* _WHAT YOU SHOULD DO_: Copy the records below exactly, starting at the line that contains "证券之星消息,11月13日南" and ending at the line that contains "เหรียญหลวงปู่เทียน วัดโบสถ์ หลังพระพุทธ"; leave out any pictures.

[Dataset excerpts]
------------------------------------------------------------------------
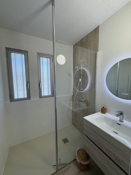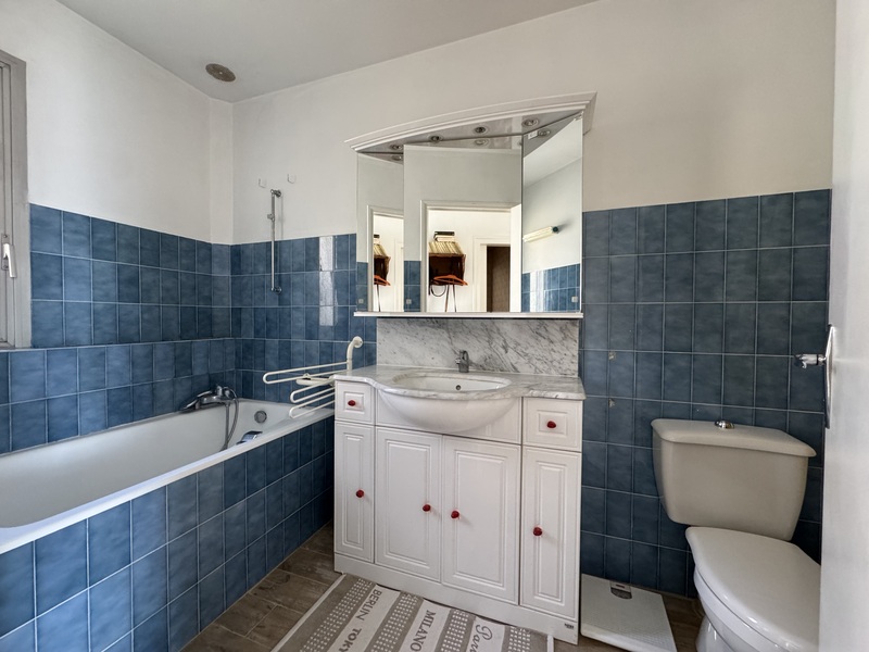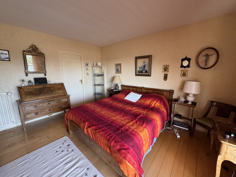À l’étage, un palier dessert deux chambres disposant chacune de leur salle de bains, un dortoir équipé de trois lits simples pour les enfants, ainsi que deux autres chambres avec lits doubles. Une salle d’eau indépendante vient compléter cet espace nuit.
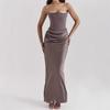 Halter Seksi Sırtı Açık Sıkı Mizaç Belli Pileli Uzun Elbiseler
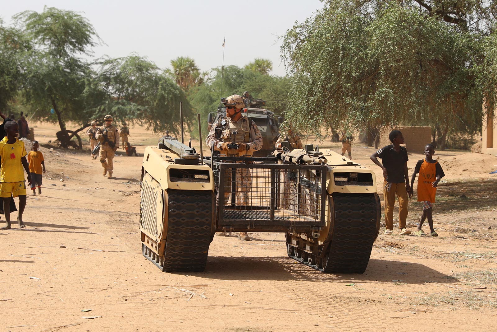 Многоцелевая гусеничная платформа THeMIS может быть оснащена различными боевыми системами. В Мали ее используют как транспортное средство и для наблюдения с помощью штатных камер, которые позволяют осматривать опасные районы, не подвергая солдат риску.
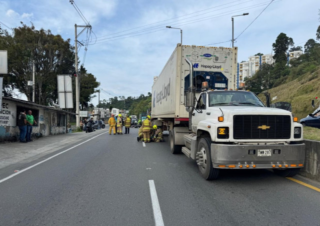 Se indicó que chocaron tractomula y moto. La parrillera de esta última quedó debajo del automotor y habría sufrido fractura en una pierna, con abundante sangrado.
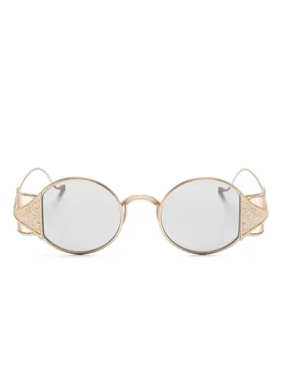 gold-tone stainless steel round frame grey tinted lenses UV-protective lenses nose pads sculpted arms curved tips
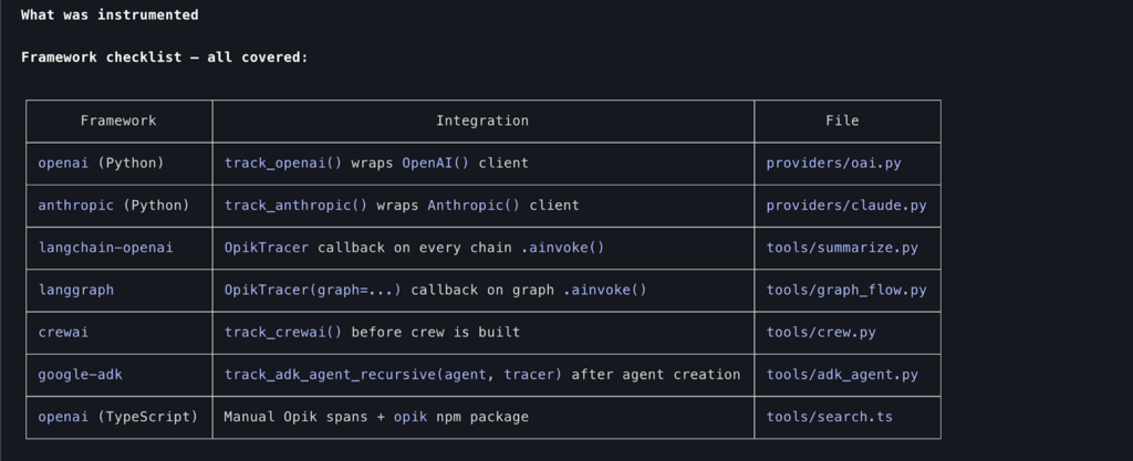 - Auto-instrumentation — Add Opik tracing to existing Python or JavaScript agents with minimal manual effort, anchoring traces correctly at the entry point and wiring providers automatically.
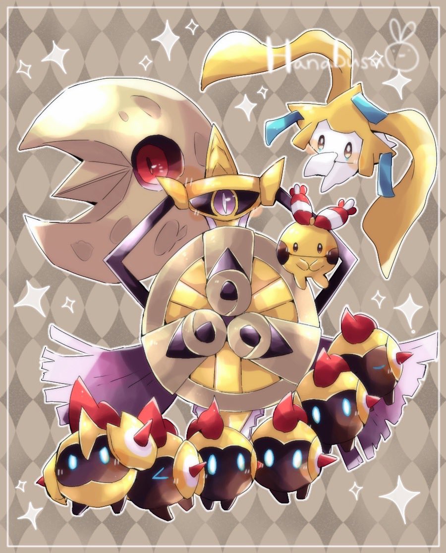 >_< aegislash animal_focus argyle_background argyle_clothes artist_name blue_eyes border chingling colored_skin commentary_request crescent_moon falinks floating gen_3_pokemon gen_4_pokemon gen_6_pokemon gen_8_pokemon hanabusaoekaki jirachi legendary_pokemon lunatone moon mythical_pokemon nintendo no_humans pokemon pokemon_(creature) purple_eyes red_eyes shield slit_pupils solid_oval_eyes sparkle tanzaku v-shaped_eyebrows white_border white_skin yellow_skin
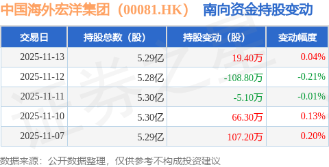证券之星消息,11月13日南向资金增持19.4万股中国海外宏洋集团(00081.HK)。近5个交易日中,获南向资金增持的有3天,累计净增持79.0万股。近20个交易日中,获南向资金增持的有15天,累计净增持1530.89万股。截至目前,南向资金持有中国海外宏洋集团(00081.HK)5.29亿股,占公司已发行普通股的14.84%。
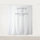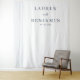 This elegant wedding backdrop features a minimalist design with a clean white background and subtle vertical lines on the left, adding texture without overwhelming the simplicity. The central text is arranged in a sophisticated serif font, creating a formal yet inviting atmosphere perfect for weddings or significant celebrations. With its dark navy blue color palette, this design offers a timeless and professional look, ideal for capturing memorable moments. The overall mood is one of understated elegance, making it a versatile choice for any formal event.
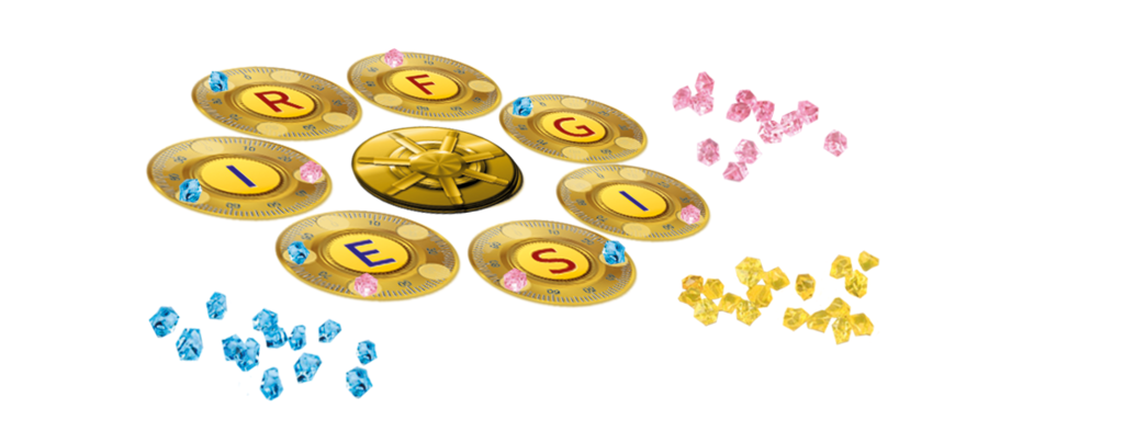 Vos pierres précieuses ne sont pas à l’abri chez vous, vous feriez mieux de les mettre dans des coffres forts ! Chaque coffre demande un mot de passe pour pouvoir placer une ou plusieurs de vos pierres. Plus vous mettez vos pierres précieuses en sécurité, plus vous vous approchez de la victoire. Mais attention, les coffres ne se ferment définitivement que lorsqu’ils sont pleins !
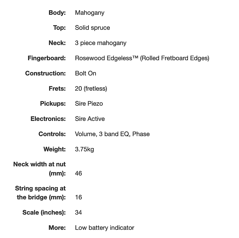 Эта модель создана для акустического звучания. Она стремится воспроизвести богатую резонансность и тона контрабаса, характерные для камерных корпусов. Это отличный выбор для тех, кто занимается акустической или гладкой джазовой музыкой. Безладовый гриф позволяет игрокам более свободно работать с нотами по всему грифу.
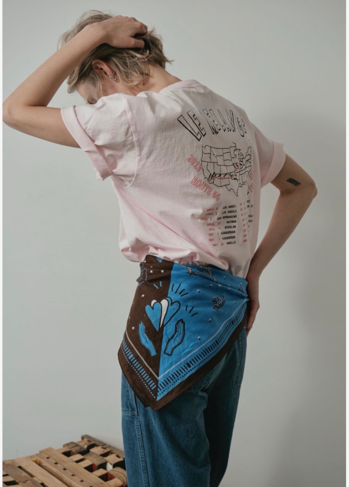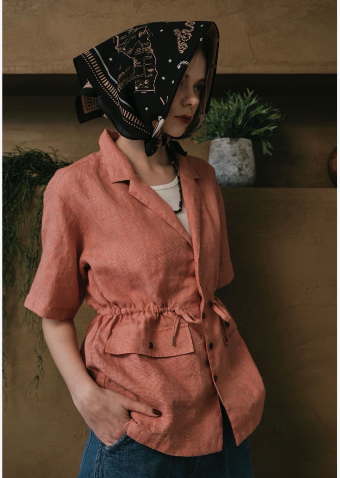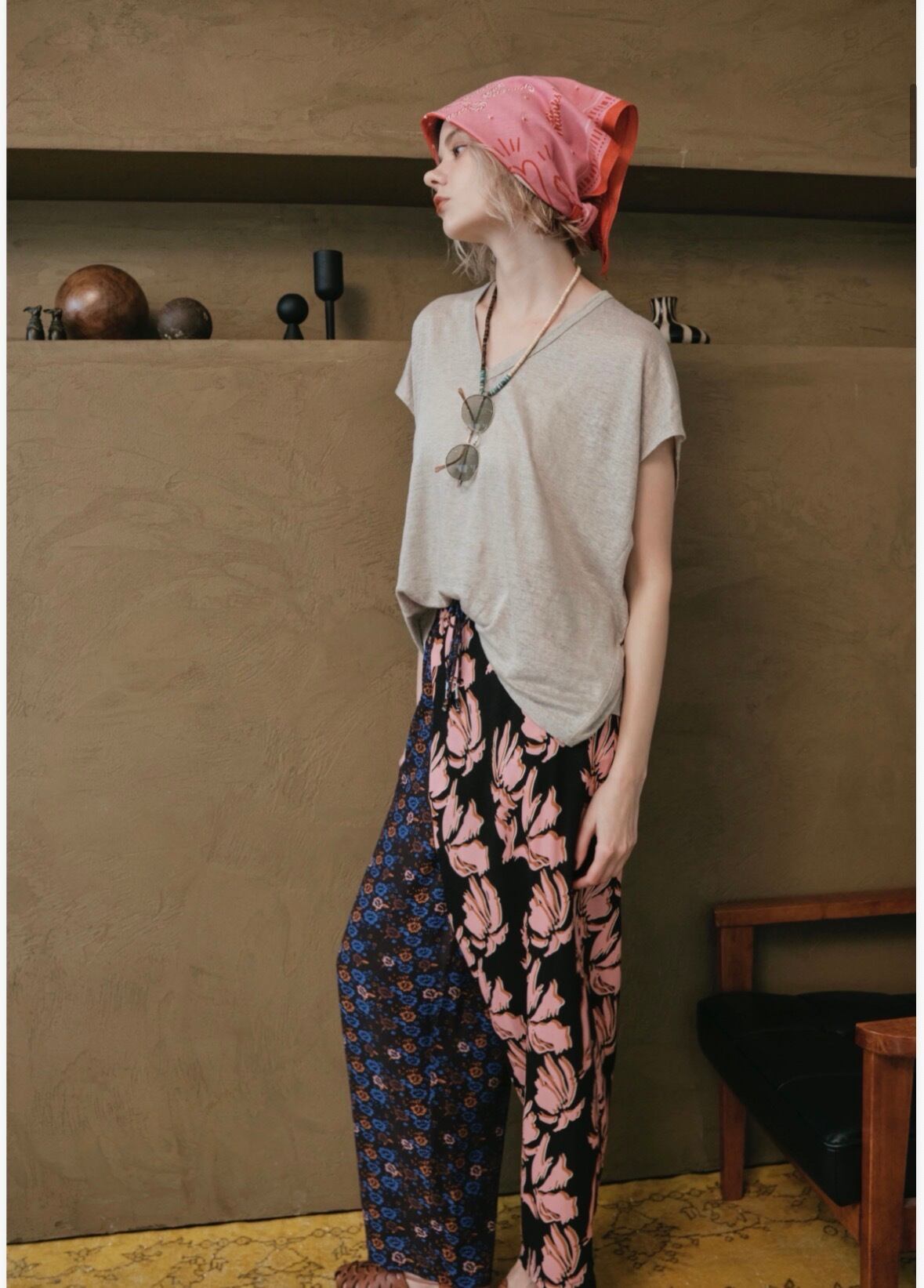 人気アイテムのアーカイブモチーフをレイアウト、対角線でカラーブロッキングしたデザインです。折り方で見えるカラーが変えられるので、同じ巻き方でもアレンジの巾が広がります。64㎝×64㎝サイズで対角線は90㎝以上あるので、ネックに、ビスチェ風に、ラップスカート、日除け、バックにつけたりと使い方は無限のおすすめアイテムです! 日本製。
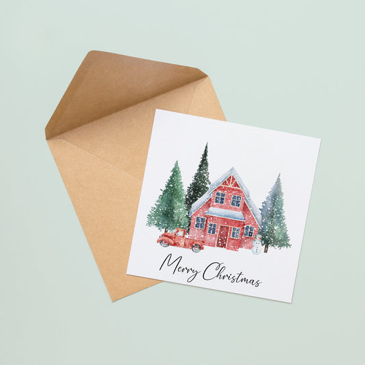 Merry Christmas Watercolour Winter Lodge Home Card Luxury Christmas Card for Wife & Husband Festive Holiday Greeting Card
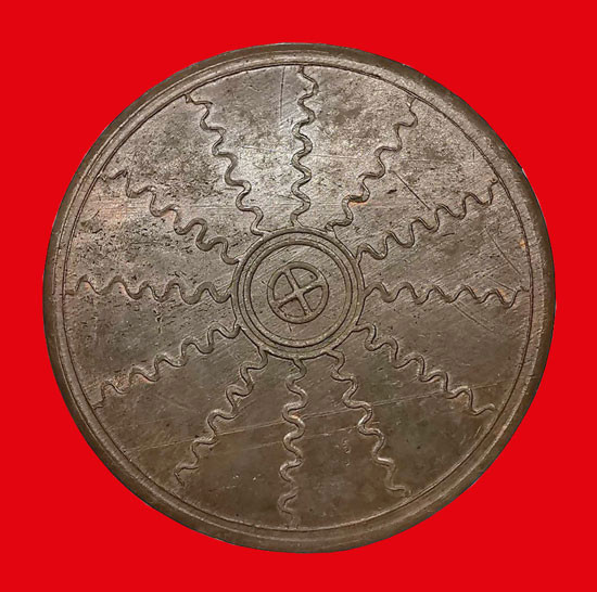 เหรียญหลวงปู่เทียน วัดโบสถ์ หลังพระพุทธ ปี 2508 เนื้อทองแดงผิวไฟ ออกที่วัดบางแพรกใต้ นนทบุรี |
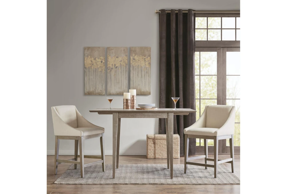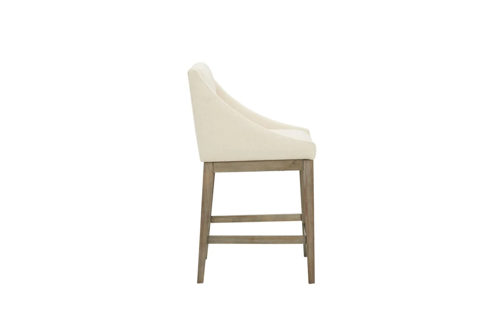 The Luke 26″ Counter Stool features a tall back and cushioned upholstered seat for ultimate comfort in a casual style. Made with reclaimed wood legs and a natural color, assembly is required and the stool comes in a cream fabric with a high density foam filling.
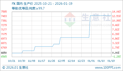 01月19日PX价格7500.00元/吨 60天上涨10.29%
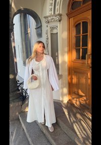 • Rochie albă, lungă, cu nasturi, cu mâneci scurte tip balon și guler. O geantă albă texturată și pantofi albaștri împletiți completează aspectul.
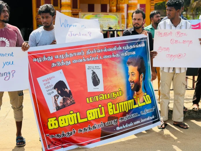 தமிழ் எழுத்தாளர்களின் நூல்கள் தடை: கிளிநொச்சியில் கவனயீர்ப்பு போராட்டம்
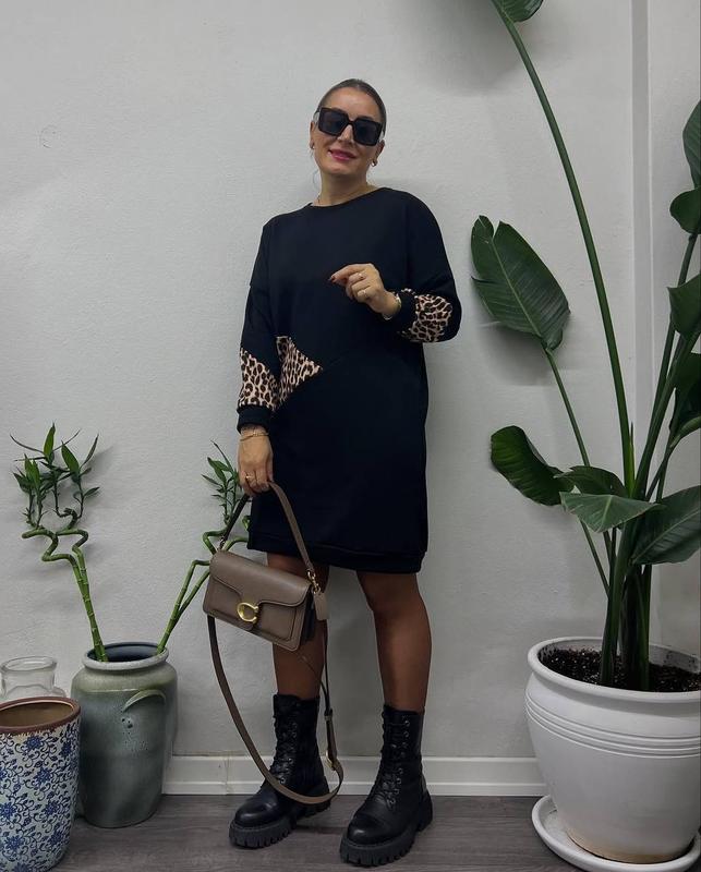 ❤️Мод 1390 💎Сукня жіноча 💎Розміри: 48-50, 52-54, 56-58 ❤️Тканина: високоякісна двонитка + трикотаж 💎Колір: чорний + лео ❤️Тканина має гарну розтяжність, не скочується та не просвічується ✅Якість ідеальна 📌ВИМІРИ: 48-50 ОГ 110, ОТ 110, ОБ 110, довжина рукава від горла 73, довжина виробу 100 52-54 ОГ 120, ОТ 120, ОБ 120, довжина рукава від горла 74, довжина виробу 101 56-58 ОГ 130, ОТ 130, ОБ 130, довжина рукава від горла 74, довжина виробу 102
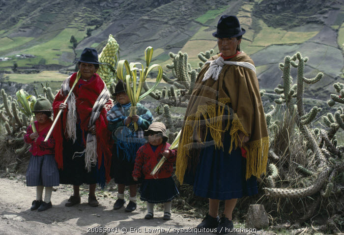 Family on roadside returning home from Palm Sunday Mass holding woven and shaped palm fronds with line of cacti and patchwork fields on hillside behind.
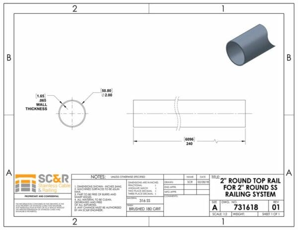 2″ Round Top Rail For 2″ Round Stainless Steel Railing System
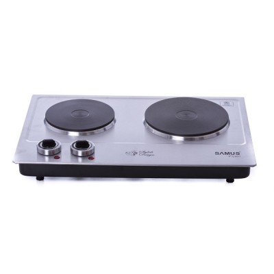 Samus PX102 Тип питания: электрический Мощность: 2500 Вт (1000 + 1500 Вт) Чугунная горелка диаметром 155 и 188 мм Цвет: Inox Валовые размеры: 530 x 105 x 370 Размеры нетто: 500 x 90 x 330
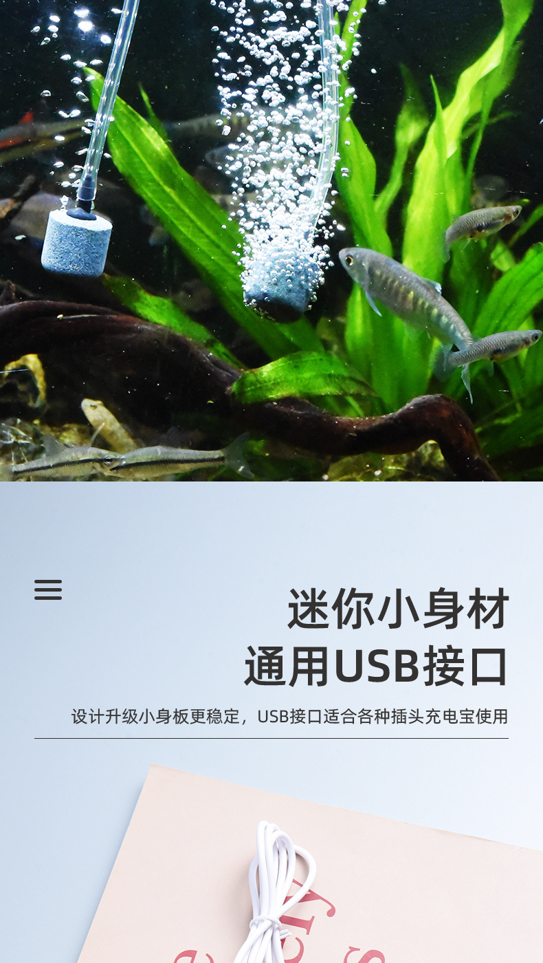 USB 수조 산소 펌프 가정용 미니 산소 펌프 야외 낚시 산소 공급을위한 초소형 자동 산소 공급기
------------------------------------------------------------------------
* _ANSWER TO THIS TASK_:
证券之星消息,11月13日南向资金增持19.4万股中国海外宏洋集团(00081.HK)。近5个交易日中,获南向资金增持的有3天,累计净增持79.0万股。近20个交易日中,获南向资金增持的有15天,累计净增持1530.89万股。截至目前,南向资金持有中国海外宏洋集团(00081.HK)5.29亿股,占公司已发行普通股的14.84%。
 This elegant wedding backdrop features a minimalist design with a clean white background and subtle vertical lines on the left, adding texture without overwhelming the simplicity. The central text is arranged in a sophisticated serif font, creating a formal yet inviting atmosphere perfect for weddings or significant celebrations. With its dark navy blue color palette, this design offers a timeless and professional look, ideal for capturing memorable moments. The overall mood is one of understated elegance, making it a versatile choice for any formal event.
 Vos pierres précieuses ne sont pas à l’abri chez vous, vous feriez mieux de les mettre dans des coffres forts ! Chaque coffre demande un mot de passe pour pouvoir placer une ou plusieurs de vos pierres. Plus vous mettez vos pierres précieuses en sécurité, plus vous vous approchez de la victoire. Mais attention, les coffres ne se ferment définitivement que lorsqu’ils sont pleins !
 Эта модель создана для акустического звучания. Она стремится воспроизвести богатую резонансность и тона контрабаса, характерные для камерных корпусов. Это отличный выбор для тех, кто занимается акустической или гладкой джазовой музыкой. Безладовый гриф позволяет игрокам более свободно работать с нотами по всему грифу.
 人気アイテムのアーカイブモチーフをレイアウト、対角線でカラーブロッキングしたデザインです。折り方で見えるカラーが変えられるので、同じ巻き方でもアレンジの巾が広がります。64㎝×64㎝サイズで対角線は90㎝以上あるので、ネックに、ビスチェ風に、ラップスカート、日除け、バックにつけたりと使い方は無限のおすすめアイテムです! 日本製。
 Merry Christmas Watercolour Winter Lodge Home Card Luxury Christmas Card for Wife & Husband Festive Holiday Greeting Card
 เหรียญหลวงปู่เทียน วัดโบสถ์ หลังพระพุทธ ปี 2508 เนื้อทองแดงผิวไฟ ออกที่วัดบางแพรกใต้ นนทบุรี |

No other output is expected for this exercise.